Farmers already get subsidized to grow (or not grow) various crops.  We have more than enough food to feed the hungry, we (being both the collective population and our representative government) just don't have the will to distribute it.

That only addresses the issues of people that would/could eat it if they had it. I don't know how you'd solve the problem of parents trading away food for drugs or sex, or for those without the mental capacity to eat even if you had food in front of them. So you'd have to pay for health care workers to spoon feed people, monitor distribution, etc.

Either that or encourage people to care for their neighbors perhaps. Maybe if you got tax credits for feeding your neighbors' kids? Better mental health care?
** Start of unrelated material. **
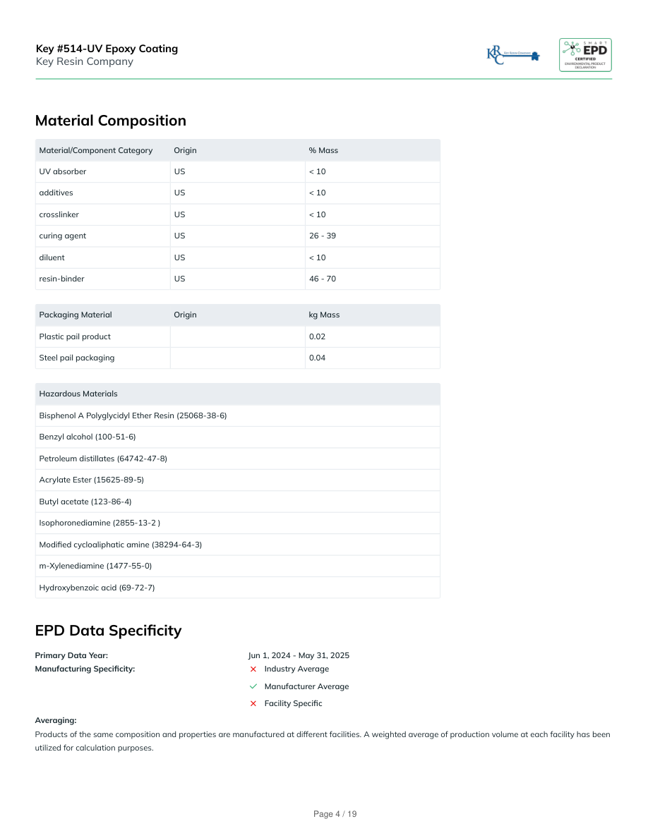 Material CompositionMaterial/Component CategoryOrigin% MassUV absorberUS< 10additivesUS< 10crosslinkerUS< 10curing agentUS26 - 39diluentUS< 10resin-binderUS46 - 70Packaging MaterialOriginkg MassPlastic pail product0.02Steel pail packaging0.04Hazardous MaterialsBisphenol A Polyglycidyl Ether Resin (25068-38-6)Benzyl alcohol (100-51-6)Petroleum distillates (64742-47-8)Acrylate Ester (15625-89-5)Butyl acetate (123-86-4)Isophoronediamine (2855-13-2 )Modified cycloaliphatic amine (38294-64-3)m-Xylenediamine (1477-55-0)Hydroxybenzoic acid (69-72-7)EPD Data SpecificityPrimary Data Year:Jun 1, 2024 - May 31, 2025Manufacturing Specificity:Industry AverageManufacturer AverageFacility SpecificAveraging:Products of the same composition and properties are manufactured at different facilities. A weighted average of production volume at each facility has beenutilized for calculation purposes.Key #514-UV Epoxy CoatingKey Resin CompanyPage 4 / 19

This problem is especially annoying because food insecurity is the symptom, it's not the disease.
It really is vexing because, after all, the West once had what most sources agree was a highly effective system for distributing food and aid to the poor, whatever else could be said about it. It was dismantled in most countries in the 1500s, for really very understandable reasons in my opinion, but unaccountably never replaced with anything that ever worked.
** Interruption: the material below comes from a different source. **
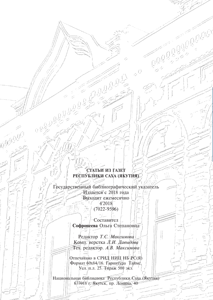 Статьи из газет Республики Саха (Якутия) : государственный библиографический указатель = Саха Өрөспүүбүлүкэтин хаһыаттарыгар киирбит ыстатыйалар : судаарыстыбаннай библиографическай ыйынньык / Министерство культуры и духовного развития Республики Саха (Якутия), Национальная библиотека Республики Саха (Якутия), Центр обеспечения информационными ресурсами. - Электрон. дан. - Якутск : ИЦ НБ РС(Я), 2018- 2018, N 4 (7022-9596). - Электрон. дан. (1 файл: 9,35 Мб). - 2018. - 399, [1] с.

That said, theirs was a completely different society from ours in just about any metric. Different problems existed and there were different expectations for how they could be managed. It's not as if we could precipitate the dissolved monasteries out of solution and expect them to work. It's certainly not as if nobody in society cares, after all - a lot of people have cared very much and have plowed personal fortunes into their own pet solutions, again and again. The problems have proven resilient.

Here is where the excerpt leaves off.